Finding Bounds for a Triple Integral: Solids Bounded by a Paraboloid and Plane

[harpazo]

Set up a triple integral for the volume of the solid. DO NOT FIND THE VOLUME.

The solid bounded by the paraboloid z = 9 - x^2 - y^2 and the plane z = 0.

We are dealing with the xy-plane where z = 0.

I know that 0 ≤ z ≤ 9 - x^2 - y^2. The bounds of the integral pertaining to dz are z = 0 to z = 9 - x^2 - y^2.

How do I find the other bounds?

 

[MarkFL]

$z$ is going to range from $z=0$ to $z=9$. Along any of these planes, the cross-section will be the circle:

\(\displaystyle x^2+y^2=9-z\)

And so $y$ will range from $y=-\sqrt{9-z}$ to $y=\sqrt{9-z}$

And $x$ will range from $x=-\sqrt{9-z-y^2}$ to $x=\sqrt{9-z-y^2}$

Thus, the volume will be given by:

\(\displaystyle V=\int_0^9\int_{-\sqrt{9-z}}^{\sqrt{9-z}}\int_{-\sqrt{9-z-y^2}}^{\sqrt{9-z-y^2}}\,dx\,dy\,dz\)
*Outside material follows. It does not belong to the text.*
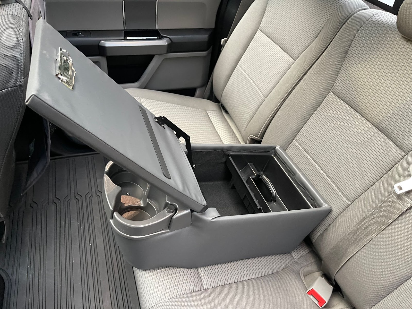 In the Ford F-150, bench seats are more commonly found in the work truck trim levels. Bench seat consoles usually fold down into the middle seat to create a makeshift console and armrest. Typically, these types of seating layouts will not have a separate console mounted to the floor, so replacement options are fairly limited.
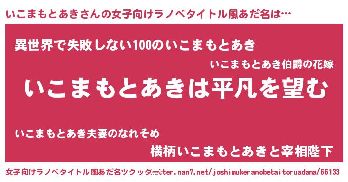 | 男性向けラノベタイトル風あだ名 | 『ダンジョンにいこまもとあきを求めるのは間違っているだろうか』 |

If we use polar coordinates, then we have:

\(\displaystyle 0\le\theta\le2\pi\)

\(\displaystyle 0\le r\le3\)

\(\displaystyle 0\le z\le9-r^2\)

And the volume is:

\(\displaystyle V=\int_0^{2\pi}\int_0^3 r\int_0^{9-r^2}\,dz\,dr\,d\theta\)

 

[MarkFL]

Just so you have something to check your answers against, observe that we can find the volume using a solid of revolution, a Calc I technique.

\(\displaystyle V=\pi\int_0^9 x\,dx=\frac{81\pi}{2}\) :D

 

[harpazo]

I recall very little about the solid of revolution from calculus 1.

 

[Prove It]

I recall very little about the solid of revolution from calculus 1.

Then you will need to go back and review them!

 

[harpazo]

I need to review solids of revolution from calculus 1.